Linear voltage embodiment method in over modulation domain of 3 pahse full-bridge inverter

The present invention relates to a two-phase full bridge inverter, and more particularly, to an overmodulation region linear of a two-phase full bridge inverter that implements an overmodulation technique without discriminating linear and overmodulation regions on a two-phase stationary coordinate system of a two-phase full bridge inverter. The present invention relates to a method for implementing red voltage characteristics.

In general, a three-phase voltage inverter that generates a three-phase AC output voltage from a DC power supply has been widely used in applications such as a motor drive and an electrostatic compensation device.

The PWM technique used in the inverter is a space voltage vector PWM technique (SPACE VECTOR pwm; ) Can instantaneously synthesize the magnitude and phase of the voltage vector.

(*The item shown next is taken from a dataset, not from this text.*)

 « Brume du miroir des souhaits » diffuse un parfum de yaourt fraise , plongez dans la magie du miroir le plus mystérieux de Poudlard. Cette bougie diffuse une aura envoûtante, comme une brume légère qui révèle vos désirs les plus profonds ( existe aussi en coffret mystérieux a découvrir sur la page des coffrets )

This spatial voltage vector PWM technique has a fixed switching frequency and can take full advantage of a given DC stage voltage. The harmonic distortion at steady state is less than that of other conventional PWM techniques.

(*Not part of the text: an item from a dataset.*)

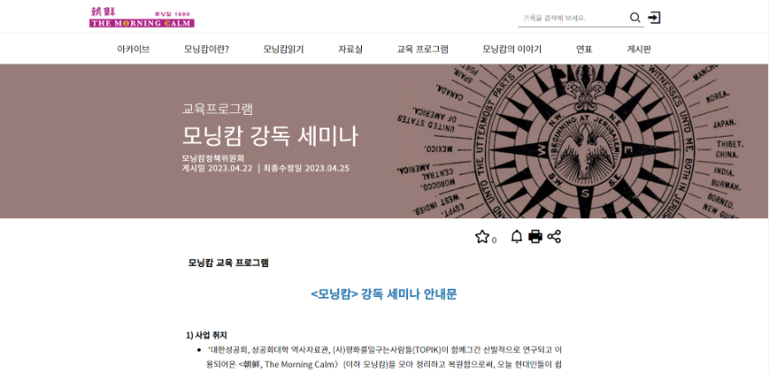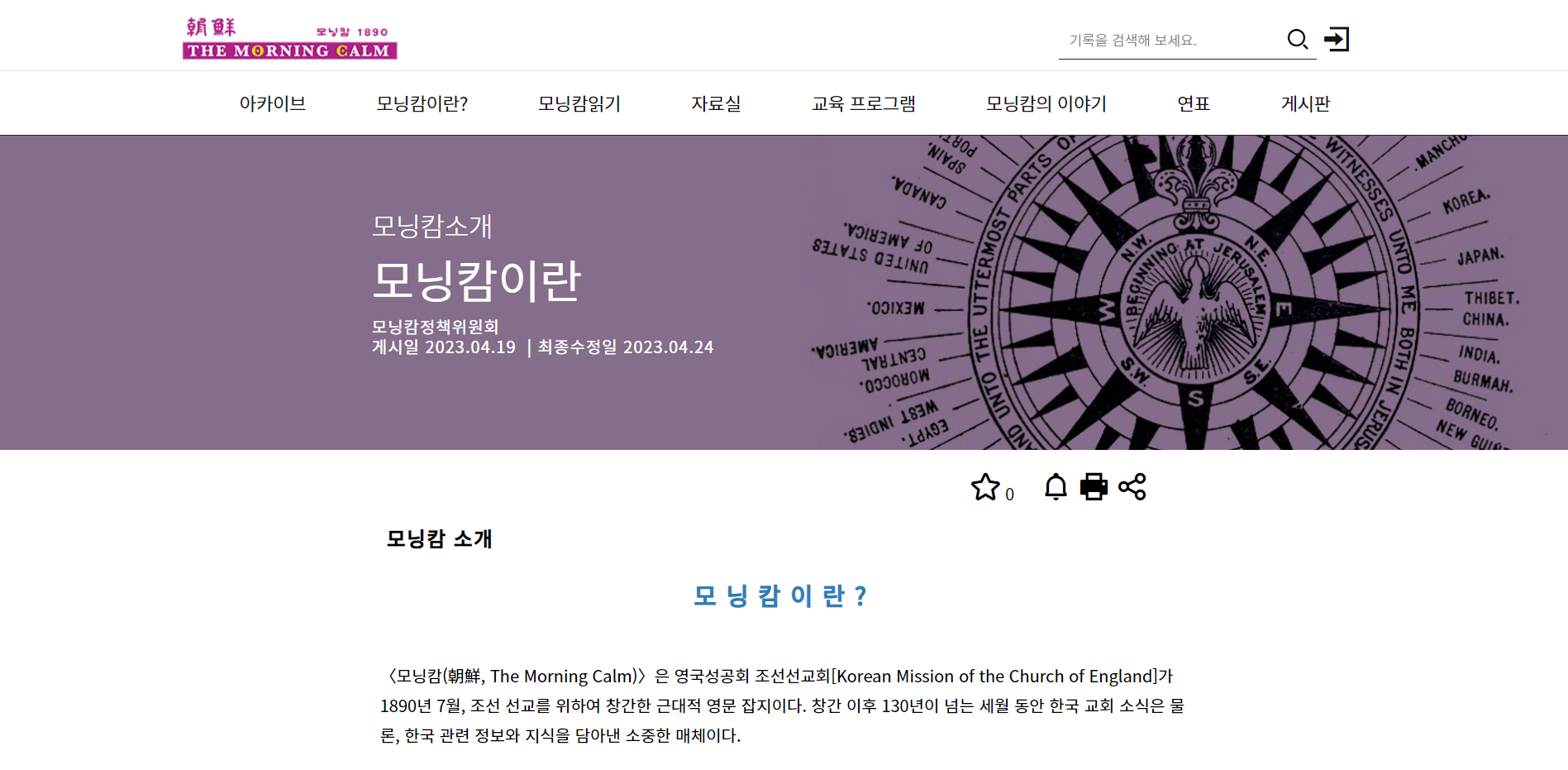 1890년부터 발간된 대한성공회 선교지 <朝鮮, The Morning Calm>을 오늘에 되살려, 많은 사람이 편리하게 접근하여 배움을 얻고 영감을 받으며 이를 자양분으로 삼아 신앙심을 고취하고 문화의 꽃을 피우기를 희망합니다.

Recently, due to the advantage that the AC motor can be driven by only at least four switches in the two-phase motor drive system, research on the two-phase motor drive system has been conducted.

When applying a two-phase full bridge inverter to a two-phase electric motor drive system, it is possible to increase the DC link voltage utilization higher than the three-phase half bridge inverter applied to the conventional motor driven power steering (MDPS) and steering device. In low input voltage applications such as chassis systems, where high power drive is required, new structures are emerging as alternatives to two-phase motor drive systems.

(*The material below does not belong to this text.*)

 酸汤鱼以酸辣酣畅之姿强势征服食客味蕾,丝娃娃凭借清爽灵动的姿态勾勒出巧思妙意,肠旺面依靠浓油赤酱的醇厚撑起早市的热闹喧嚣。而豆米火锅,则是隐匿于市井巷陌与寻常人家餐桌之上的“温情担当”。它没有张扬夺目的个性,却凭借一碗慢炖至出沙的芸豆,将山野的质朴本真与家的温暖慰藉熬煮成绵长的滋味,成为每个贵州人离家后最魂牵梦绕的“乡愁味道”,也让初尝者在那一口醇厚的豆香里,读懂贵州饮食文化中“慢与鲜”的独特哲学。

The above-described technology is described for understanding the background of the present invention, and does not mean a conventional technology well known in the art.

An object of the present invention is to improve the MDPS performance such as torque ripple by modifying the voltage vector to distinguish the linear modulation region and the overmodulation region in the voltage vector space and to obtain the linear voltage characteristics in the overmodulation region in a two-phase full bridge inverter. The present invention provides a method for implementing the overmodulation region linear voltage characteristic of a two-phase full bridge inverter.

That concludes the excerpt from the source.